On a party-line vote, the House Appropriations subcommittee that oversees health and education funding approved the cut to the budget for the Corporation for Public Broadcasting, which distributes money to the Public Broadcasting Service and National Public Radio. It would reduce the corporation’s budget by 23 percent next year, to $380 million, in a cut that Republicans said was necessary to rein in government spending.
The reduction, which would come in the fiscal year beginning Oct. 1, must be approved by the full Appropriations Committee, and then the full House and Senate, before it could take effect. Democrats and public broadcasting advocates began planning efforts to reverse the cut.
A similar move last year by Republican leaders was turned back in a fierce lobbying campaign launched by Public Broadcasting Service stations and Democratic members of Congress, in a debate that was colored by some Republicans’ frustration with what they see as a liberal slant in public programming.
Still, Republicans say they remain adamant that public broadcasting cannot receive funding at the expense of healthcare and education programs.
Republicans are looking for ways to save taxpayers’ dollars, amid fiscal conservatives’ concerns over the budget deficit. “We’ve got to keep our priorities straight,” said Representative Ralph Regula, an Ohio Republican who is chairman of the appropriations panel that approved the cut. “You’re going to choose between giving a little more money to handicapped children versus providing appropriations for public broadcasting.”
Democrats accused Republicans of trying to gut a bastion of children-oriented television to pay for tax cuts for the wealthy that have been backed by the Bush White House.
“Dick Cheney and the Republicans have decided to go hunting for `Big Bird’ and ‘Clifford the Big Red Dog’ once again,” said Representative Edward J. Markey, a Malden Democrat who led the successful effort to reverse the cuts last year. “PBS is right at the top of their hit list — always has been and always will be, until they can destroy it.”
Most of the savings would come by eliminating subsidies for educational programs and grants for a number of technological upgrades.
Jan McNamara, a PBS spokeswoman, said the digital upgrade would have to be funded with money that is now being used for other programs, forcing almost all areas of public broadcasting to feel a pinch.
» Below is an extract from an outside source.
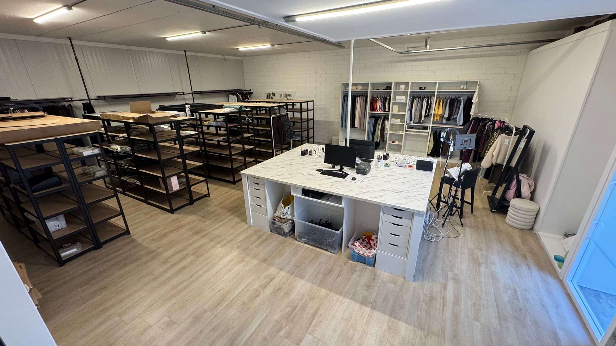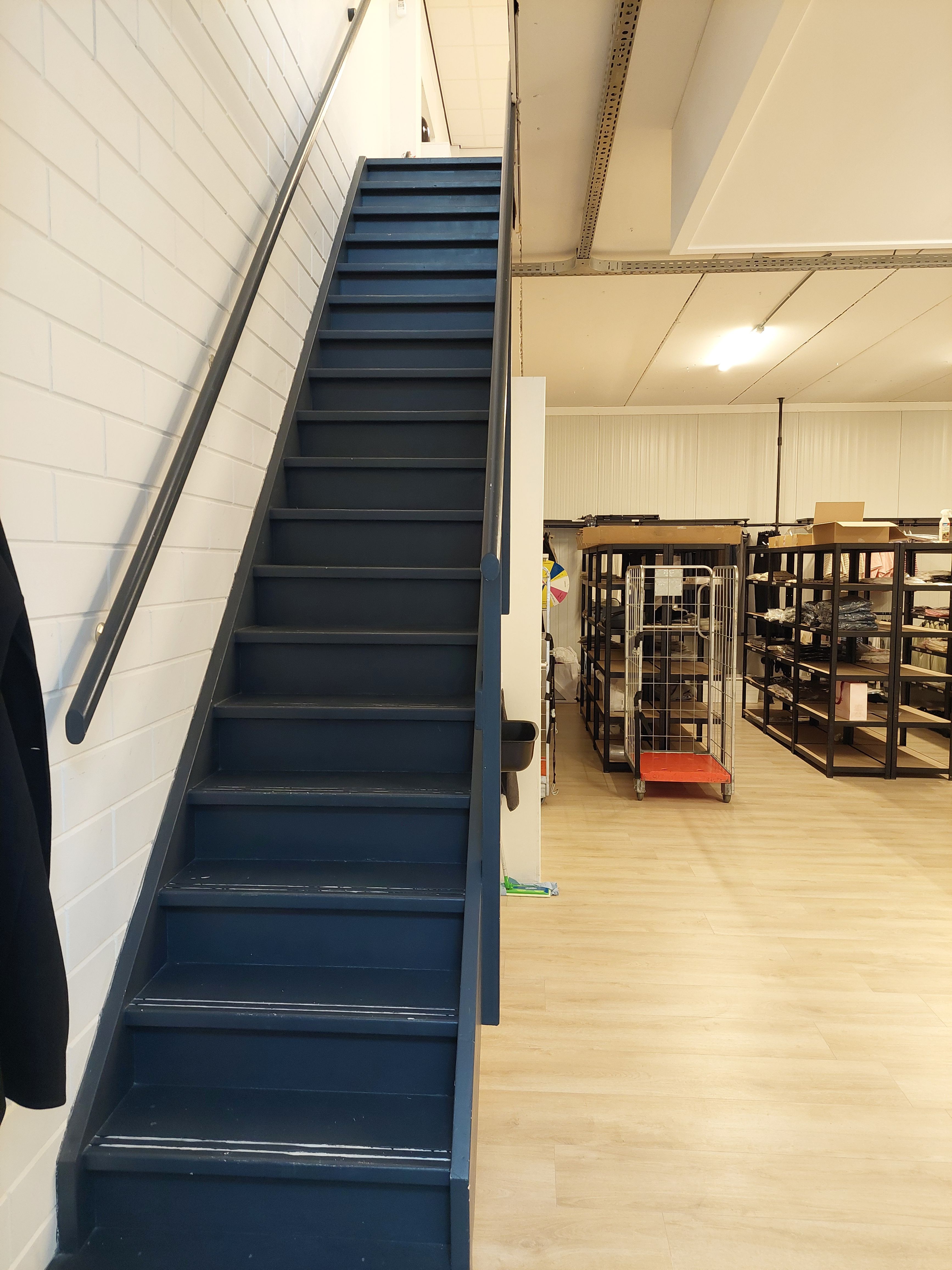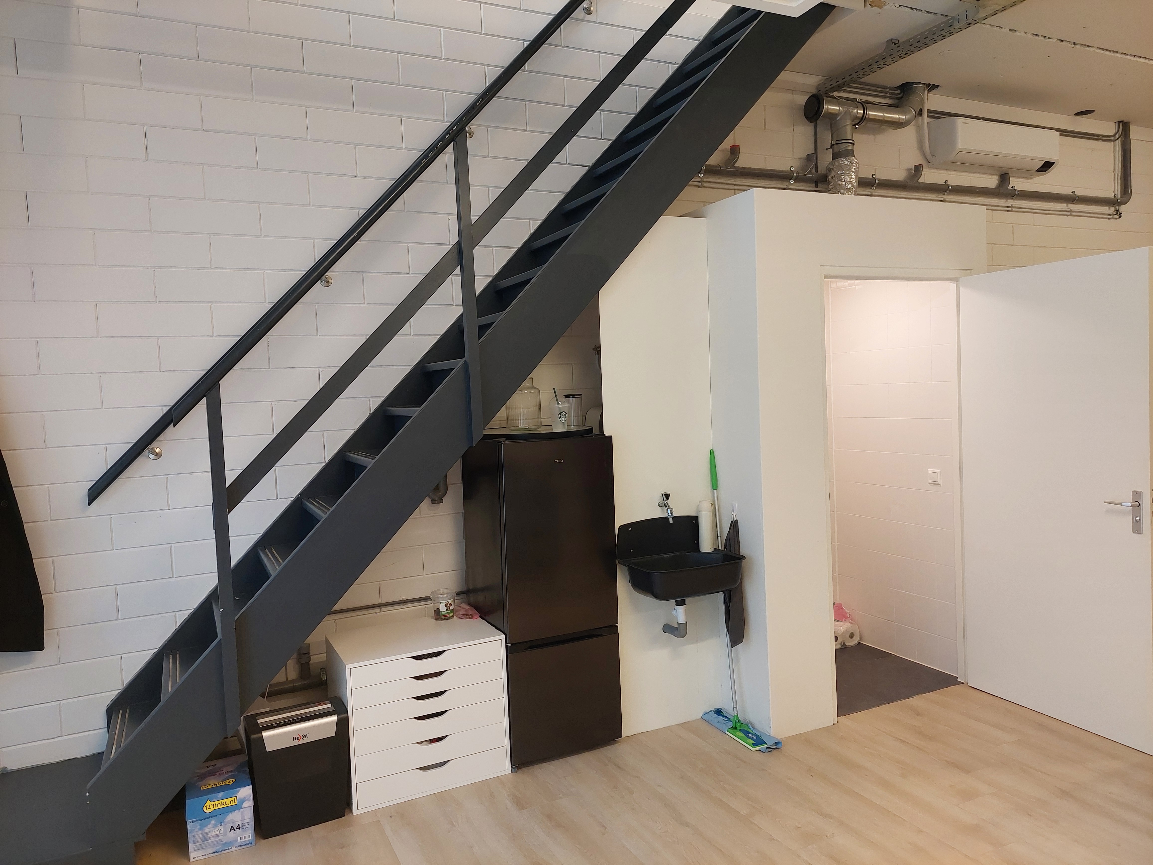 Deze unit heeft twee overheaddeuren en een loopdeur op de begane grond. Achter de overheaddeuren is momenteel een kozijn met loopdeur en glas geplaatst waardoor de begane grond ook te gebruiken is als winkel, kantoor en/of werkplaats.

Paula Kerger, PBS’s president and chief executive, said in a statement that the cuts would force the network to “drastically reduce the programming and services public television and public radio can provide to local communities.”
The literacy television program “Ready to Learn” would be eliminated, she said, as would the online teachers’ resource “Ready to Teach.”
The cuts could force smaller public-radio stations in rural areas — which rely almost exclusively on federal money for operations — to close altogether, said Kevin Klose, NPR’s president. “The impact of today’s decision could resonate in every community in America,” Klose said.
John Lawson, president of the Association of Public Television Stations, said Republican leaders are contradicting their own goal statements by seeking to cut funding for public broadcasting on the day the House voted to increase fines for indecent television content. “These cuts are targeted to inflict maximum damage,” Lawson said. “I guess we’ll have to start ringing phones on [Capitol] Hill again.”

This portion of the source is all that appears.